# [Brief]
Your copy of the entries below should hold exactly the lines from the one containing "節(jié)水:相對(duì" to the one containing "Trading desks are", inclusive, and no pictures.

[Data items]
○ ○ ○ ○

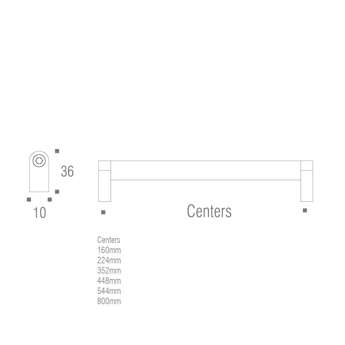 Centers refer to the 'center to center' dimension for pulls. The distance between the two holes drilled into cabinets for application of pulls is the center to center dimension. When purchasing replacement pulls, measurement of the distance between any pre-drilled holes is necessary for accurate product ordering. |
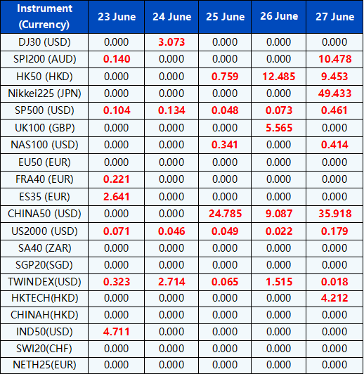 Please be advised that the dividends of the following index CFDs will be adjusted by upcoming ex-dividend dates. The comment for trading index CFDs will be in the following format “Div&<Product Name>&<Net Volume>” which show in the balance after the close of the day before the dividend payment date.
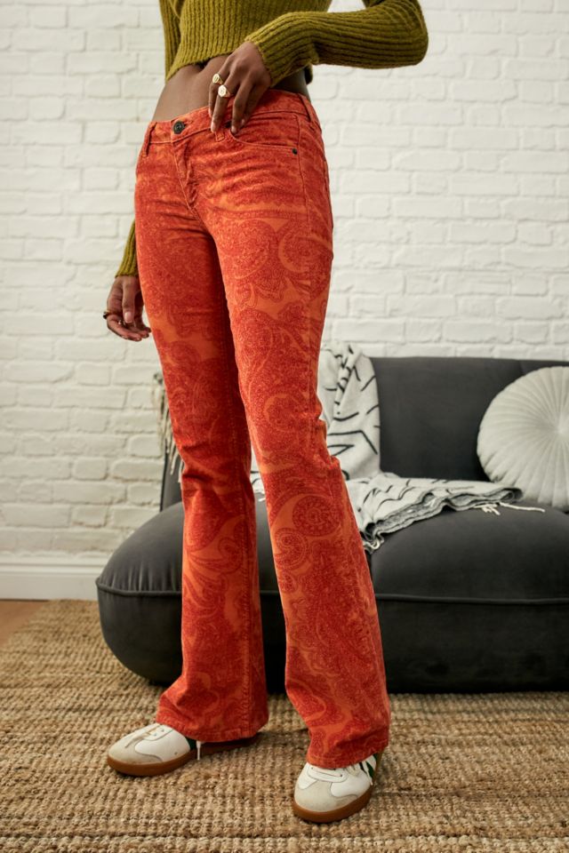 Figure-hugging pant legs end at trendy flaring hems. Large Orange Corduroy Flare Pants American Eagle. This velvet flare corduroy pants have a high waist and side zipper detail.
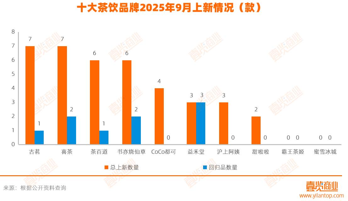 茶饮品牌方面,古茗和喜茶9月并列上新榜首,各推7款新品;茶百道和书亦烧仙草紧随,均上新6款。整体上,主流茶饮品牌秋季产品更新仍较密集。
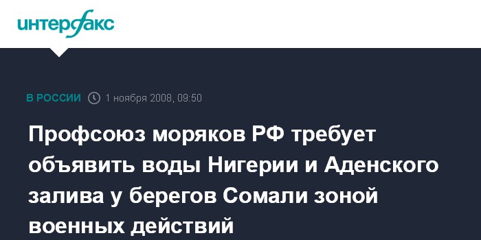 Москва. 1 ноября. INTERFAX.RU - Российский профсоюз моряков (РПСМ) подготовил требование о необходимости объявить воды у берегов Нигерии и Аденского залива близ Сомали, где постоянно происходят нападения пиратов, зоной военных действий.
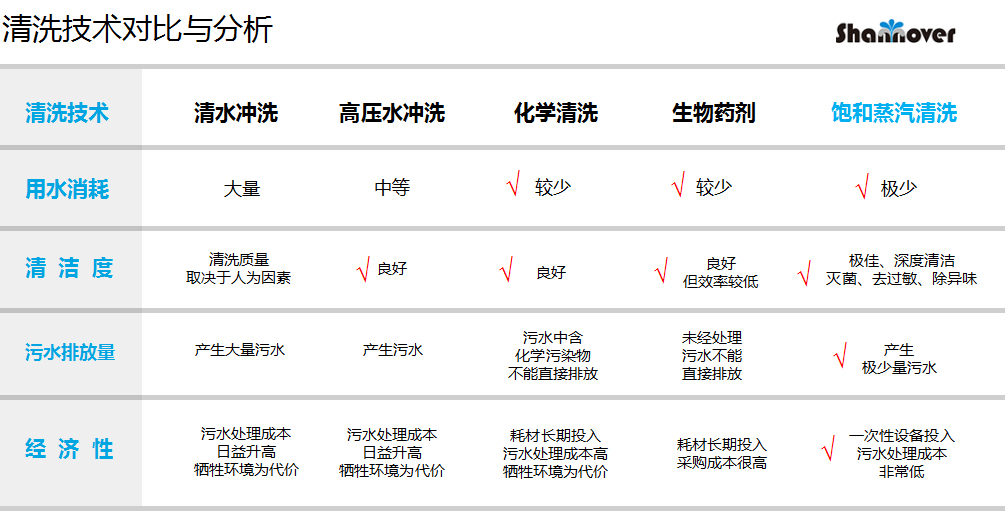 節(jié)水:相對(duì)于其它以水為介質(zhì)的清洗方法,蒸汽清洗耗水量極低。
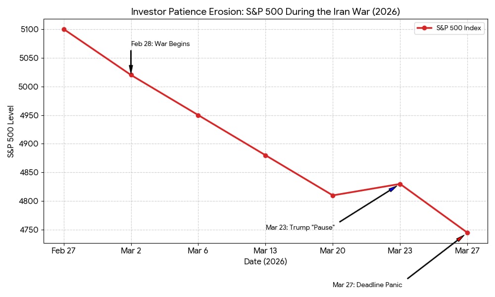 Trading desks are calling it "death by a thousand cuts." Markets whip around 1.3% daily on every headline, only to end up basically flat.
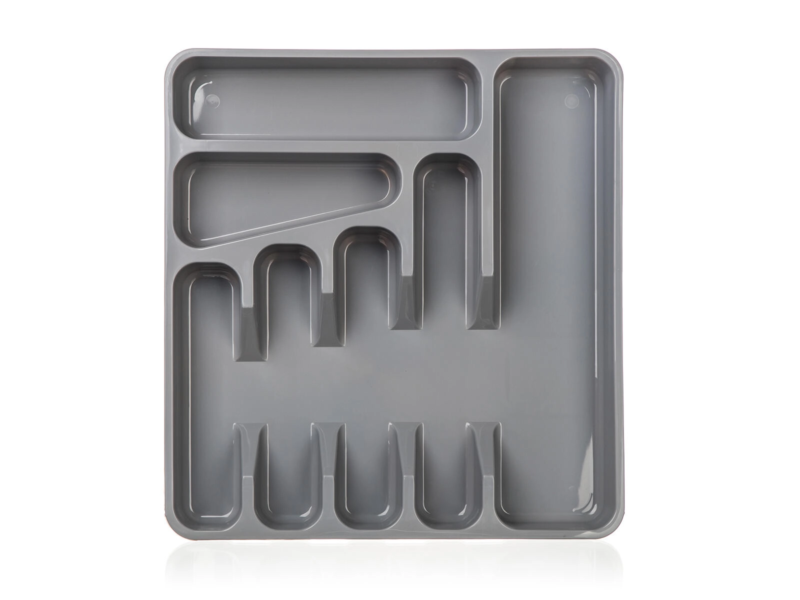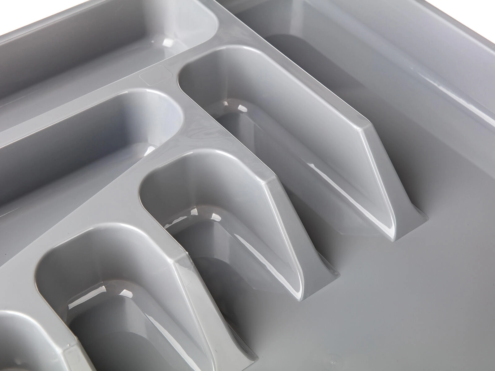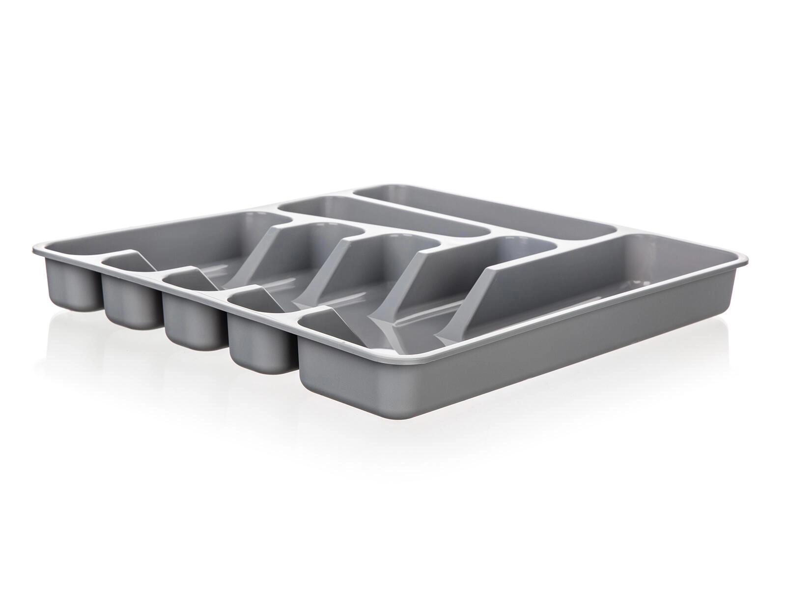 Siv priborovnik iz kakovostne plastike je praktična rešitev za pregledno shranjevanje pribora in manjših kuhinjskih pripomočkov. Zaradi premišljene razporeditve predalčkov boste imeli vilice, nože, žlice in majhne pripomočke vedno pri roki in na svojem mestu.

○ ○ ○ ○

# [Expected output]
 節(jié)水:相對(duì)于其它以水為介質(zhì)的清洗方法,蒸汽清洗耗水量極低。
 Trading desks are calling it "death by a thousand cuts." Markets whip around 1.3% daily on every headline, only to end up basically flat.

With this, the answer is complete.